_WHAT THE EXERCISE ASKS:_
With pictures omitted, transcribe exactly the lines from the one containing "com os alunos." to the end of the records below.

Stored dataset items
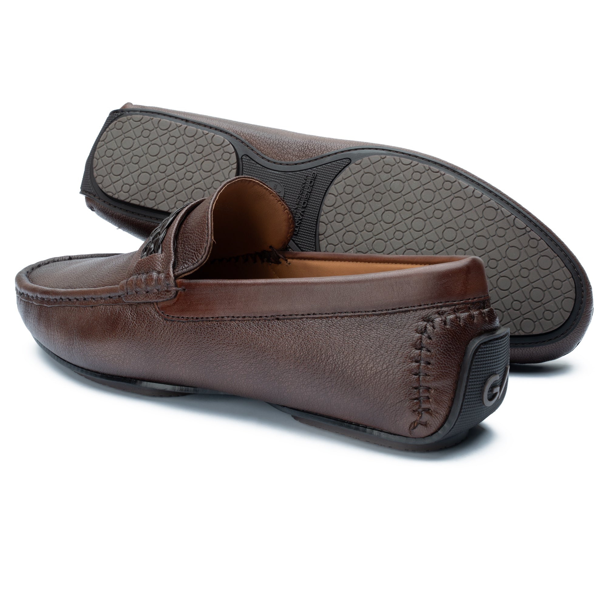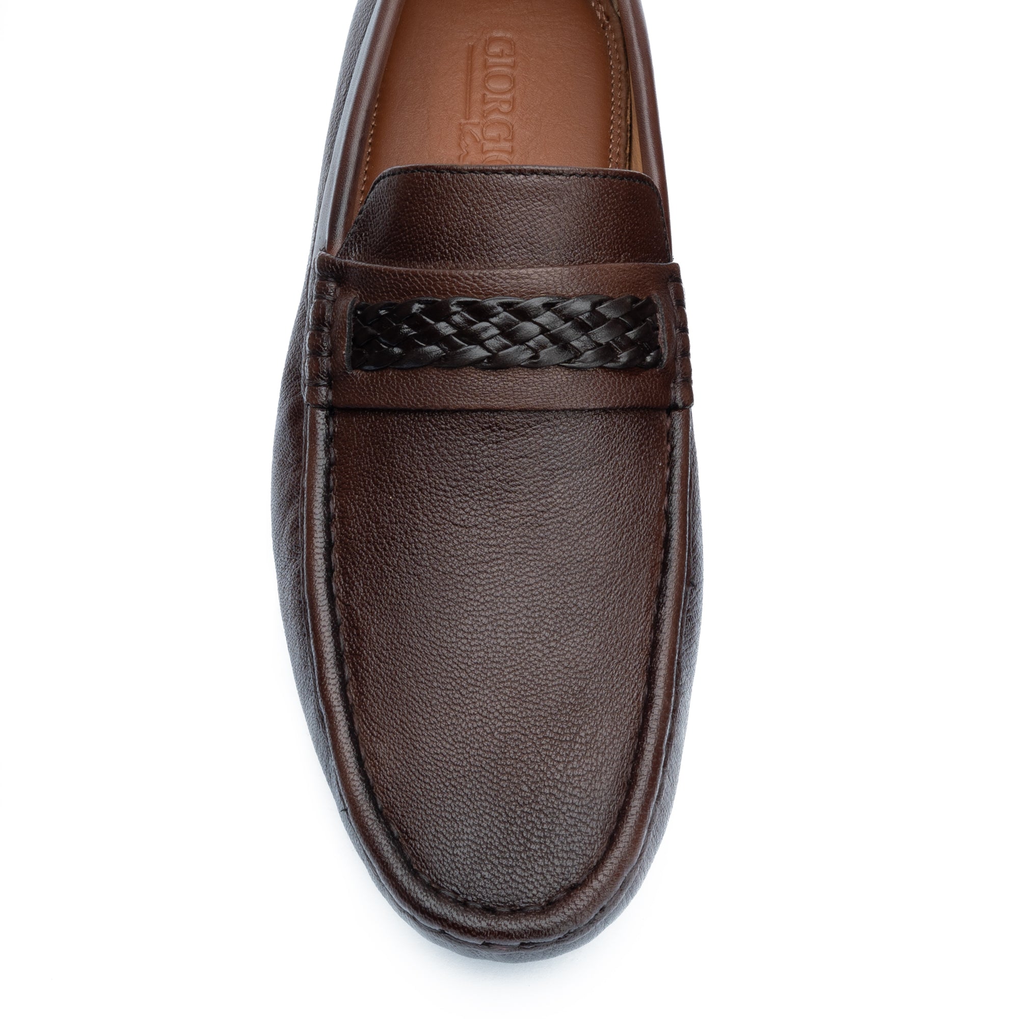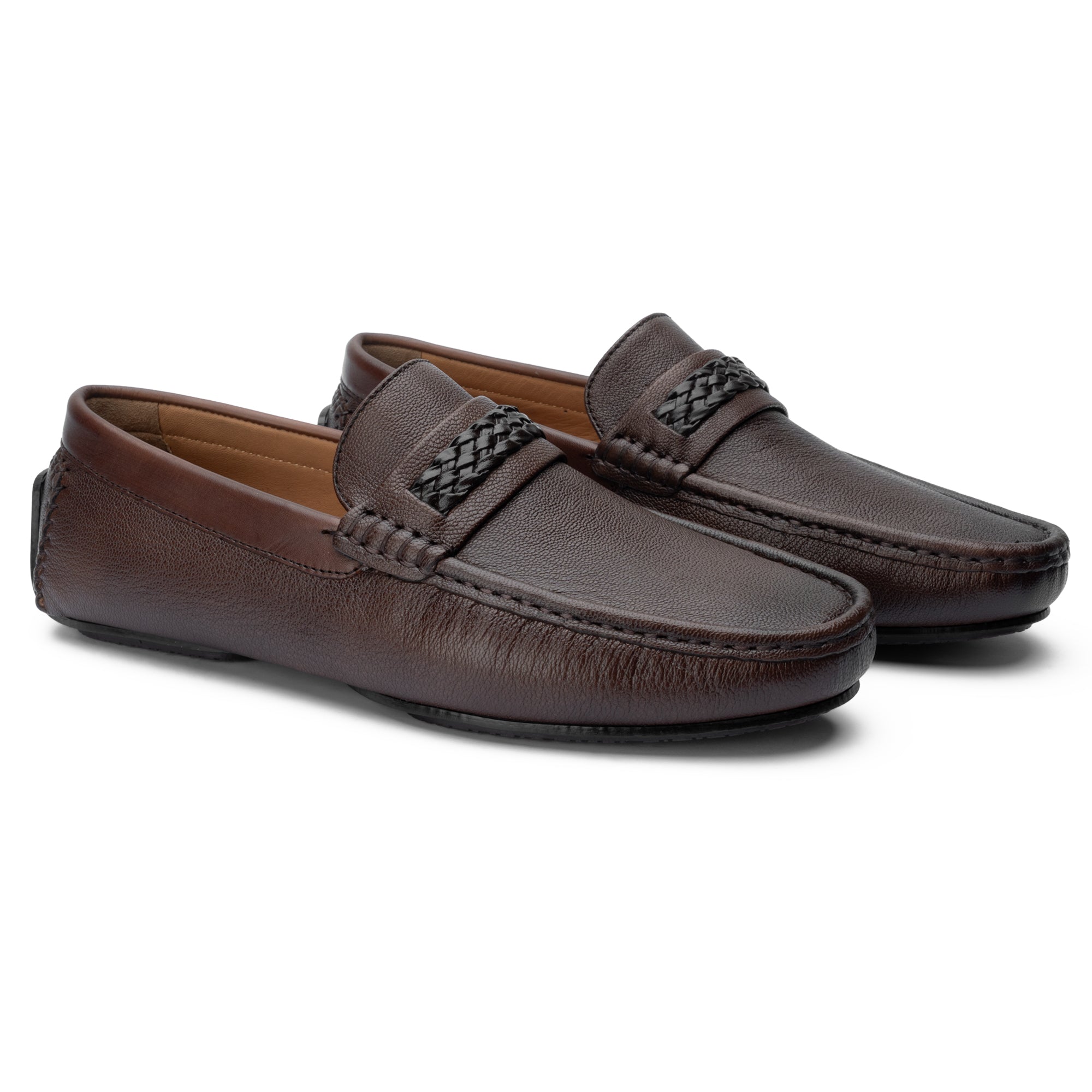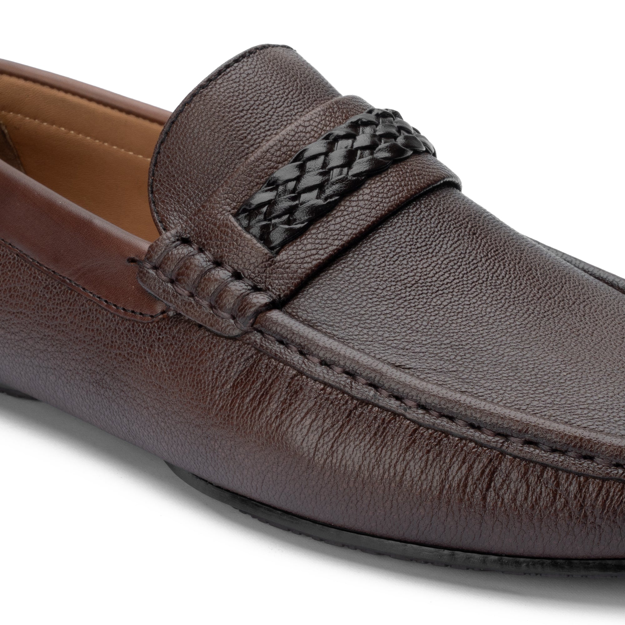 Crafted in rich brown leather with a signature woven accent, these loafers blend timeless elegance with modern detail. Perfect for refined everyday wear or elevated evening style.
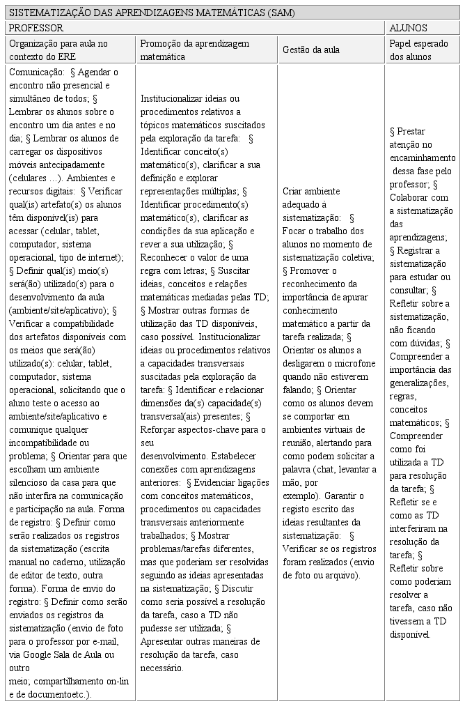 § Para a fase de sistematização das aprendizagens matemáticas no ensino presencial, o professor pode utilizar o quadro para escrever sobre as apresentações de slides ou material utilizado para esta fase. No ERE é necessário que o professor, dependendo dos registros e explicações que deseja fazer, disponha de mesa digitalizadora para registrar ideias e interagir com os alunos.
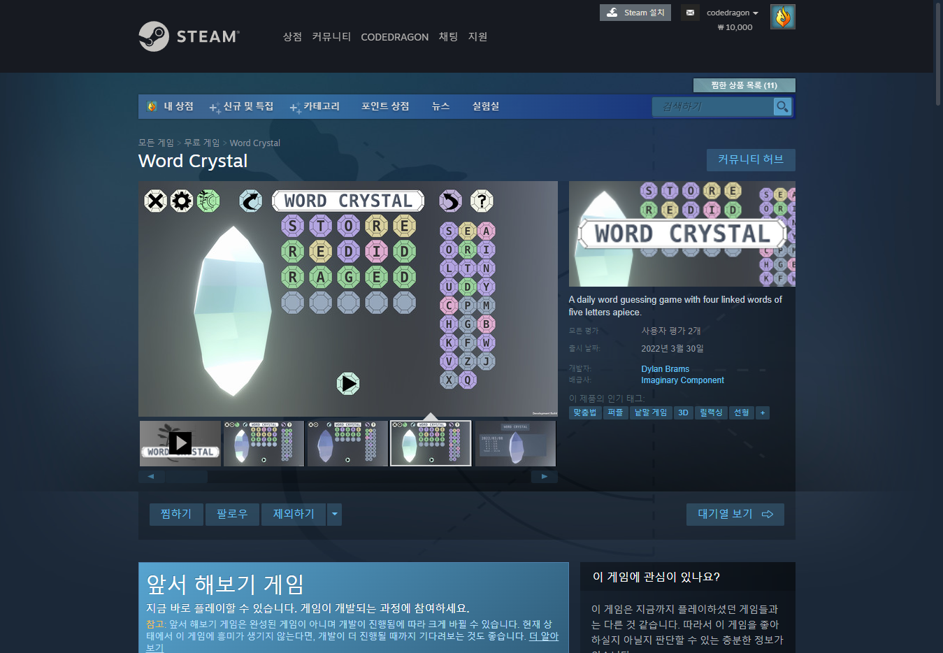 "Word Crystal" 스팀 페이지 입니다.
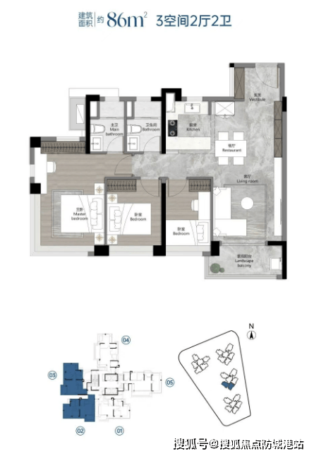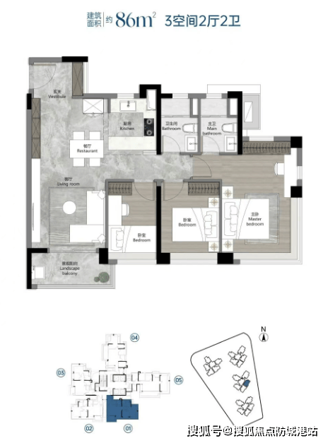 新规高使用率户型,88㎡实现三房两卫+四开间朝南
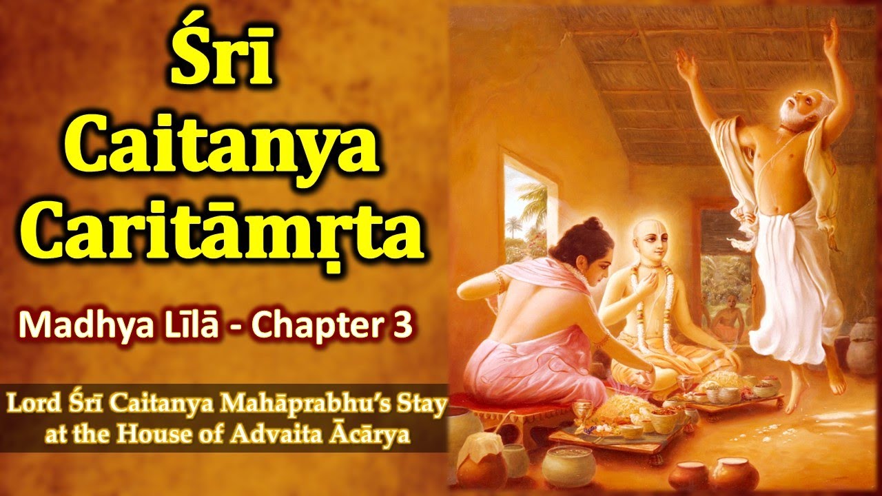 Śrī Advaita Ācārya would say, “Many days You escaped Me by bluffing. Now I have You in My home, and I will keep You bound up.” (117) So speaking, Advaita Ācārya performed congregational chanting with great pleasure for three hours that night and danced all the time. (118) When Advaita Ācārya danced in that way, Lord Caitanya felt ecstatic love for Kṛṣṇa, and because of His separation, the waves and flames of love increased. (119) Being agitated by the ecstasy, Śrī Caitanya Mahāprabhu suddenly fell to the ground. Seeing this, Advaita Ācārya stopped dancing. (120) When Mukunda saw the ecstasy of Śrī Caitanya Mahāprabhu, he understood the feelings of the Lord and began to sing many stanzas augmenting the force of the Lord’s ecstasy. (121) Advaita Ācārya raised the body of Śrī Caitanya Mahāprabhu to help Him dance, but the Lord, after hearing the stanzas sung by Mukunda, could not be held due to His bodily symptoms. (122)

_SOLUTION TO THIS PROBLEM:_
 § Para a fase de sistematização das aprendizagens matemáticas no ensino presencial, o professor pode utilizar o quadro para escrever sobre as apresentações de slides ou material utilizado para esta fase. No ERE é necessário que o professor, dependendo dos registros e explicações que deseja fazer, disponha de mesa digitalizadora para registrar ideias e interagir com os alunos.
 "Word Crystal" 스팀 페이지 입니다.
 新规高使用率户型,88㎡实现三房两卫+四开间朝南
 Śrī Advaita Ācārya would say, “Many days You escaped Me by bluffing. Now I have You in My home, and I will keep You bound up.” (117) So speaking, Advaita Ācārya performed congregational chanting with great pleasure for three hours that night and danced all the time. (118) When Advaita Ācārya danced in that way, Lord Caitanya felt ecstatic love for Kṛṣṇa, and because of His separation, the waves and flames of love increased. (119) Being agitated by the ecstasy, Śrī Caitanya Mahāprabhu suddenly fell to the ground. Seeing this, Advaita Ācārya stopped dancing. (120) When Mukunda saw the ecstasy of Śrī Caitanya Mahāprabhu, he understood the feelings of the Lord and began to sing many stanzas augmenting the force of the Lord’s ecstasy. (121) Advaita Ācārya raised the body of Śrī Caitanya Mahāprabhu to help Him dance, but the Lord, after hearing the stanzas sung by Mukunda, could not be held due to His bodily symptoms. (122)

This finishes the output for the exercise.